Дахиби съежился и поиграл бокалом, стараясь не выдавать тревоги.

– На здешнем причале я видел флотские суда, и большая часть торговцев тоже вооружена. Если астероид падет, все это достанется одержимым.

– Знаю. – Джошуа встретился взглядом с узловиком, отказываясь проявить снисхождение. – Нельзя гнать волну.

– Ага, это я уже слышал: внимания не привлекать, с туземцами не болтать, громко не пердеть... какого черта мы тут делаем, Джошуа? Зачем тебе понадобилось выслеживать Мейера?

– Надо с ним потолковать.

– Нам ты не доверяешь?

– Доверяю. И не бери меня на «слабо». Ты же знаешь, я все вам объясню, как только смогу. А пока лучше вам не знать. Ты-то мне веришь?

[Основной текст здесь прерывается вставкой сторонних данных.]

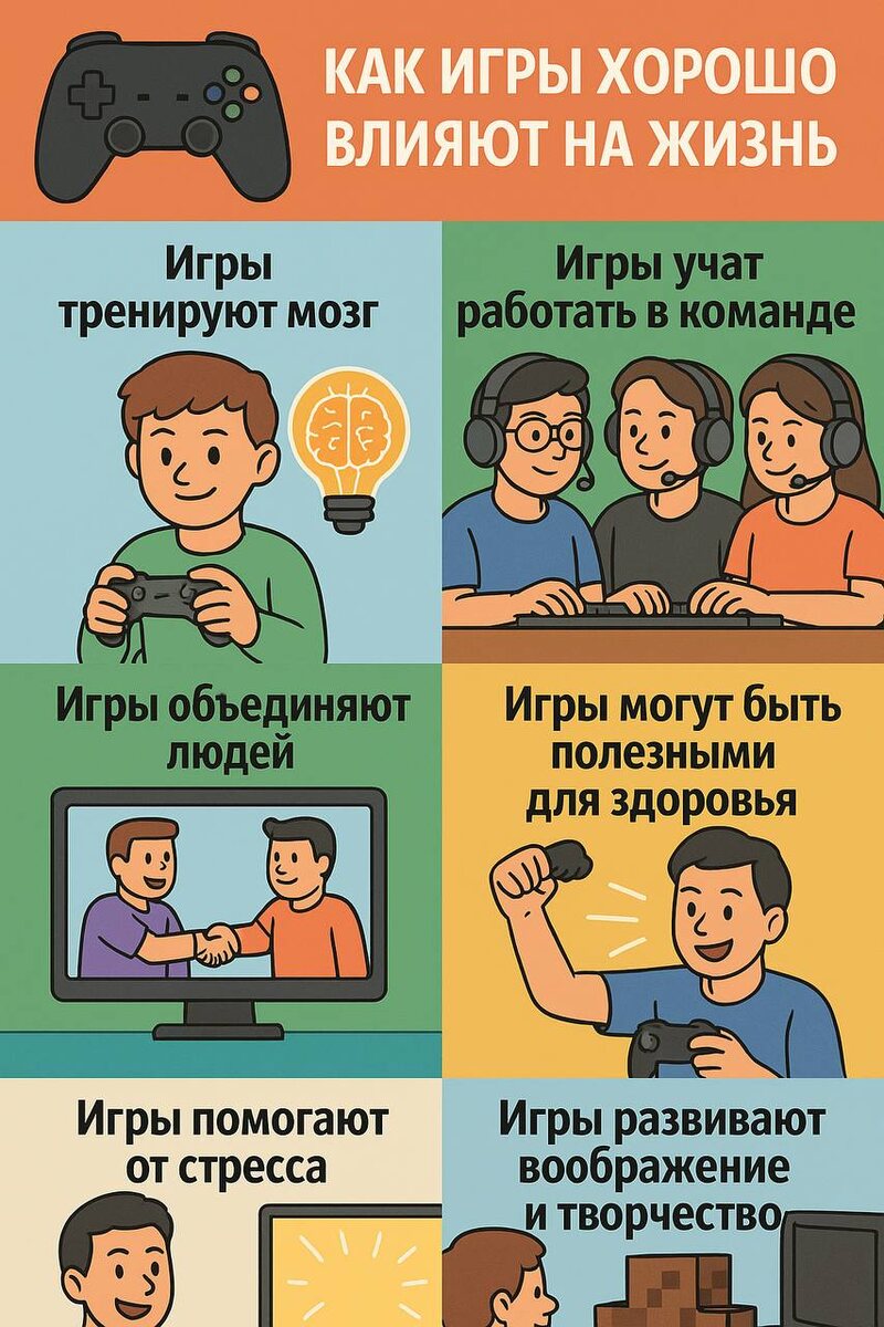 Многие думают, что игры — это плохо. Говорят: «Не играй, это вредно!». Но это не совсем так. Игры могут быть очень полезными! Вот несколько простых причин. ⸻ 🧠 1. Игры развивают мозг Когда мы играем, мы думаем, запоминаем и учимся. ✅ В головоломках решаем задачи. ✅ В стратегиях планируем наперёд. ✅ В экшенах быстро реагируем. Пример: • «Portal» — учит решать сложные головоломки. • «Civilization» — помогает планировать на много ходов. Игры — тренировка для мозга! ⸻ 👥 2. Игры учат работать в команде Во многих играх нужно работать вместе с другими. ✅ Делимся планами. ✅ Помогаем друг другу. ✅ Учимся слушать и говорить. Пример: • В «Fortnite» или «Valorant» команда должна координироваться. • Это полезно в жизни — на учёбе и на работе. ⸻ 🌍 3. Игры объединяют людей Игры помогают заводить друзей. ✅ Можно познакомиться с людьми из других городов и стран. ✅ Есть большие сообщества по интересам. ✅ Общение даже для застенчивых людей. Пример: • Игровые форумы. • Онлайн-друзья, с которыми играеш

Дахиби скривил губы в усталой усмешке.

– На «слабо» берешь?

– Ага.

Официантка принесла им еще по бокалу. Пока она проталкивалась через толпу, Джошуа любовался ее ножками. Для него слишком, пожалуй, молода – шестнадцати нет... Потом он заметил у нее на лодыжке красный платочек. «Господи, не знаю, что хуже – ужасы одержания или убогие мечты полуночников».

В первый раз посмотрев запись с Валиска, он испытал настоящий шок. Мэри Скиббоу, одержанная, заманивающая на погибель наивных юнцов. Такая была славная девочка – красавица, умница, характер крепче карботаниевого композита. Если смогли сломать и ее, то сломают кого угодно. Эхо Лалонда еще раскатывалось по Вселенной.

– Капитан... – предупредила Болью.

Джошуа и сам заметил, что к ним приближается Буна. Тот с улыбкой присел за их столик. Казалось, что он вовсе не боится... впрочем, как узнал Джошуа, порасспросив коллег-капитанов, для Буны Мабаки такие операции были не впервой.

– Добрый день, капитан, – вежливо поприветствовал его Буна. – Смогли уже загрузиться?

– Частично, – ответил Джошуа. – Надеюсь, вы смогли добыть и остальное?

– Безусловно. Большую часть информации добыть было очень просто. Но если я и работаю в частном порядке, то со всем прилежанием. И, к сожалению, я обнаружил, что то, о чем вы просили, выходит за рамки нашего первоначального соглашения.

Дахиби презрительно покосился на него – узловик презирал угодливых служащих.

– И дорого выходит? – поинтересовался Джошуа спокойно.

– Двадцать тысяч фьюзеодолларов. – Похоже было, что Буна действительно смущен. – Я очень сожалею, но времена сейчас тяжелые. Работы мало, а семья у меня большая.

– Само собой. – Джошуа протянул ему свой кредитный диск.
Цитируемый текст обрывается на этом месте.